J’ai du me pincer plusieurs fois en regardant le journal télévisé de ces derniers jours sur la chaîne nationale. Est-ce possible? Faut-il y croire? Et si c’était un nouveau piège?


Ce monsieur qui d’habitude nous présentait le journal régional de 18h30, se contentant de lire des rapports rédigés par les autorités régionales sur le développement réalisé grâce à la politique clairvoyante de l’artisan du changement… Ce monsieur nous parle désormais de manifestations pacifiques dans tous les gouvernorats du pays et des citoyens qui réclament la destitution du Rcd et la démission de ses membres du gouvernement.

Une police devenue pacifiste
Et j’ai du me pincer encore plusieurs fois quand, sur l’avenue Habib Bourguiba, j’ai vu des citoyens manifestant pacifiquement devant des policiers qui les regardaient et qui, je l’espère, ont bien compris une fois pour toute qu’une manifestation sur l’Avenue n’est ni dangereuse pour la sûreté des citoyens, ni une menace pour la stabilité du régime, contrairement à ce qu’on leur a expliqué avant.
Oui, c’est bien la révolution. Oui Ben Ali et sa mafia ont bel et bien quitté le pays s’ils n’ont pas été arrêtés. Oui nous sommes désormais libres de nous exprimer librement dans les journaux et sur les plateaux de nos chaînes télévisés. Oui en voyageant hors du pays, nous serons fiers d’annoncer que nous sommes tunisiens.
Non, ce n’est pas un rêve. Mais attention, la mutation, pour ne plus utiliser le mot changement, ne fait que commencer.

Une transition délicate
En Tunisie, ce qui se passera durant les prochains mois pèsera très lourd sur la situation du pays les prochaines décennies. Une phase de transition qui requiert la mobilisation de toutes les forces vives du pays pour préserver la révolution du peuple.
Le régime Ben Ali gouvernait le pays avec une main de fer. Il se basait sur  plusieurs structures, et surtout sur un appareil sécuritaire dont la taille et les moyens alloués sont disproportionnés par rapport aux besoins de maintien de l’ordre dans un pays désormais démocratique à la taille de la Tunisie.
Que faire alors aujourd’hui de cet appareil avec ses différentes composantes (garde présidentielle, agents de sécurité, police politique, sûreté universitaire…)? Le maintenir? Pour quoi faire? En dissoudre quelques structures: ce qui laissera libre dans la nature des éléments bien entrainés qui connaissent les rouages du pays mieux que quiconque. Que faire alors?
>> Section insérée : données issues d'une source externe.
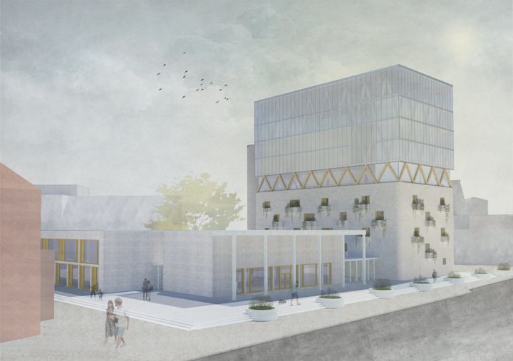 Die Verfasserin findet innerhalb der Aufgabe ihre Lösung, indem sie den bestehenden Hochbunker als massiven Sockel für eine darauf errichtete, gläserne Synagoge nutzt. Damit überschreibt sie den Hochbunker, der im Krieg anstelle der zerstörten Synagoge errichtet wurde, mit einem Fundament für den neuen Sakralraum der Synagoge. Zum einen wird das Gotteshaus und die jüdische Kultur durch das Aufsetzen und Überhöhen der Synagoge weithin sichtbar. Zum anderen erhebt sich die Synagoge über die Ebene des Profanen. Der vormalige Hochbunker der heutigen Universität nimmt einen Teil der profanen Gemeindenutzungen mit auf.
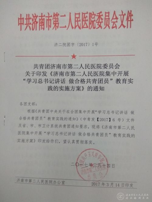 共青团迅速行动。3月15日下午,召开市二院共青团“学习总书记讲话、做合格共青团员”教育实践动员部署会,全院5个团 支部的书记及委员参会,院党委书记牟鑫出席会议并讲话。

Rétablir la stabilité politique
Le régime Ben Ali comptait aussi sur le Rcd, qui exerçait un réel pouvoir politique dans les différentes régions. Ramener cet appareil de l’Etat à un simple parti politique, nous ramera à en finir définitivement avec le régime de parti unique digne des pays les plus sous-développés. Mais avec des partis d’opposition laminés par l’ancienne dictature et qui manquent de moyens et d’expérience, la disparition de ce parti laissera la place politique quasi-vide. Alors que le pays à besoin rapidement d’une vie politique active qui reflétera les besoins de démocratie et de liberté voulu par la révolution.
Une période de stabilité politique est donc nécessaire pour laisser le temps à tous les intervenants de se réorganiser et de gagner une place auprès des électeurs tunisiens qui, deux décennies durant, ne se sont pas intéressés à la politique. Ces intervenants pouvaient-ils obtenir cette stabilité alors que la grogne sociale se fait écouter chaque jour un peu plus?

Des investissements bloqués par la méfiance
Economiquement, la paralysie du pays durant ces deux dernières semaines,  conjuguée au saccage de nombreuses unités industrielles, pèsera lourdement sur le taux de croissance. En établissant un climat politique propice à la stabilité, la croissance reprendra rapidement et plus que prévu, grâce à de nouveaux investissements. Ces investissements, qui étaient bloqués par la méfiance des hommes d’affaires craignant la voracité de la mafia des Ben Ali, Trabelsi et consorts.
En dépit d’une atmosphère caractérisée par un mélange d’espoir et d’incertitude, je continue de me poser cette question: vivons-nous dans un pays développé? La vue, aujourd’hui, à la télé, de policiers manifestant pour l’amélioration de leur situation, m’a convaincu qu’on est sur la bonne voie. Juste qu’il faut aller rapidement et prudemment.